Teach Your Children Well

Teach Your Children Well

CHC education students learn skills to create a nurturing classroom environment in a partnership with the Morris Arboretum.

As any classroom teacher knows, theirs is a challenging profession. One does not simply walk into a classroom one day and begin to mold young minds. Thorough knowledge of the subject matter and understanding of the ways students learn are key and CHC education majors now have a new way of gaining such skills through a partnership with the Morris Arboretum.

Last June, Debra Chiaradonna, Ph.D., assistant professor of education and chair of the division of teacher education and leadership, was approached by a representative of the arboretum to find out if she was interested in participating in an outreach program for education majors.

Liza Hawley, assistant director of visitor education and youth programs at the arboretum, and former educator and arboretum volunteer, Bette Perlman, hoped to expose pre-service teachers to the benefits of field trips as a way of incorporating botanical and environmental information to these teachers who will someday share this knowledge with students in their own classrooms.

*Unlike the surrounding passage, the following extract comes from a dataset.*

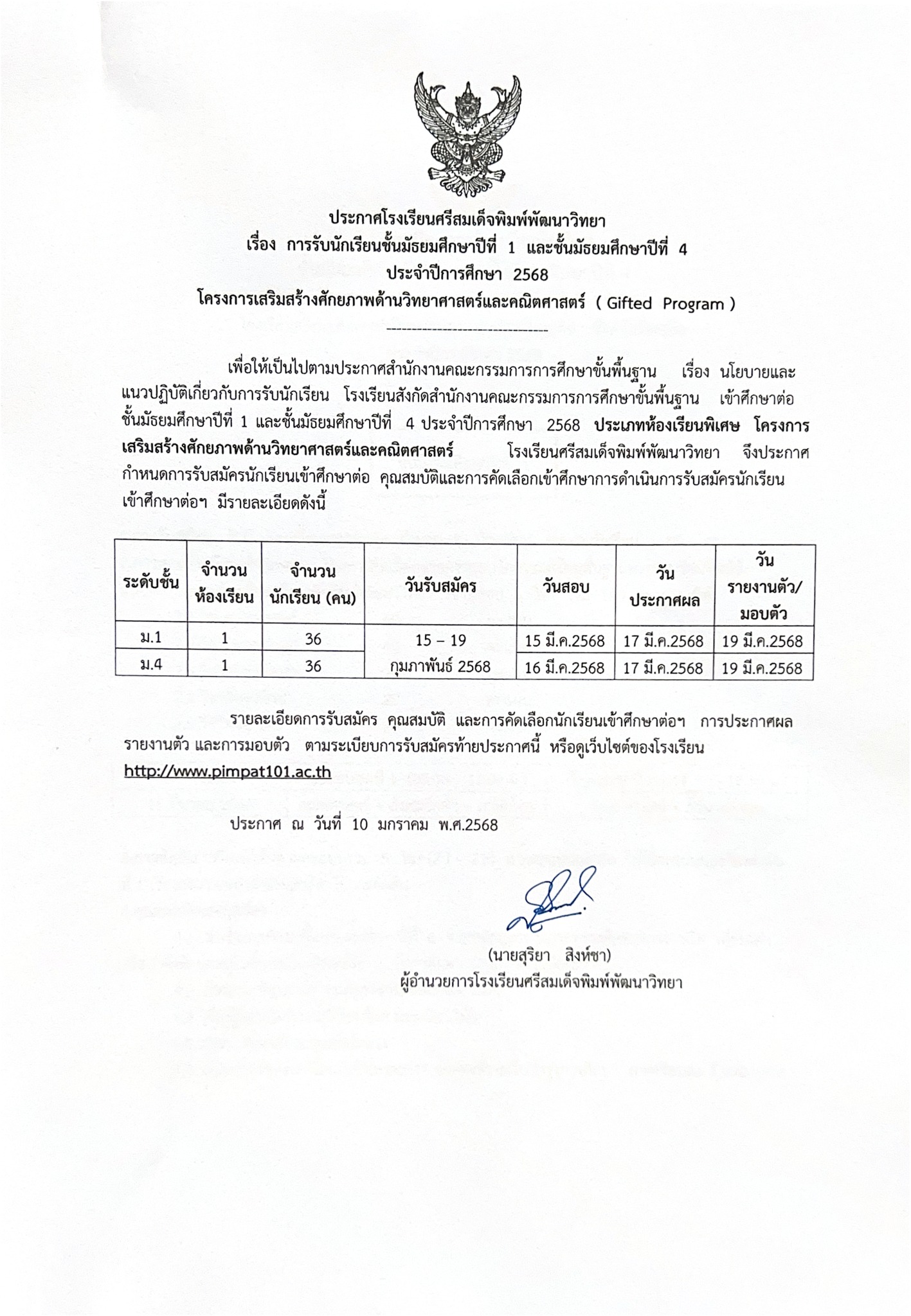 ประกาศโรงเรียนศรีสมเด็จพิมพ์พัฒนาวิทยา เรื่องการรับสมัคร ม.1 ม.4 โครงการห้องเรียนพิเศษ GP ประจำปีการศึกษา 2568

“For me, it is about the importance of the environment and the principles of how children learn from it,” says Chiaradonna. “The classroom is an environmental relationship that teachers are responsible for developing with their students. This collaboration felt like a perfect fit.”

Throughout the course, the CHC students — pre-K and middle school teachers — learn important information about ecology, the environment and botany, and best teaching practices. They conduct hands-on, child-centered activities and learn the theories of learning and teaching framed around the environment.

“I loved how Dr. Chiaradonna opened my eyes to new ways of thinking about educational psychology through the arboretum,” says Julia Katherine Galantich ’18. “Being outside helped me see first-hand connections between teaching and nature and between children and nature … and how outside methods of teaching can help different children learn and grow.

The final class project required students to create a book for a particular age group using content from the arboretum and incorporating principles of learning, such as student motivation and knowledge of students and creativity, to demonstrate best practices in teaching.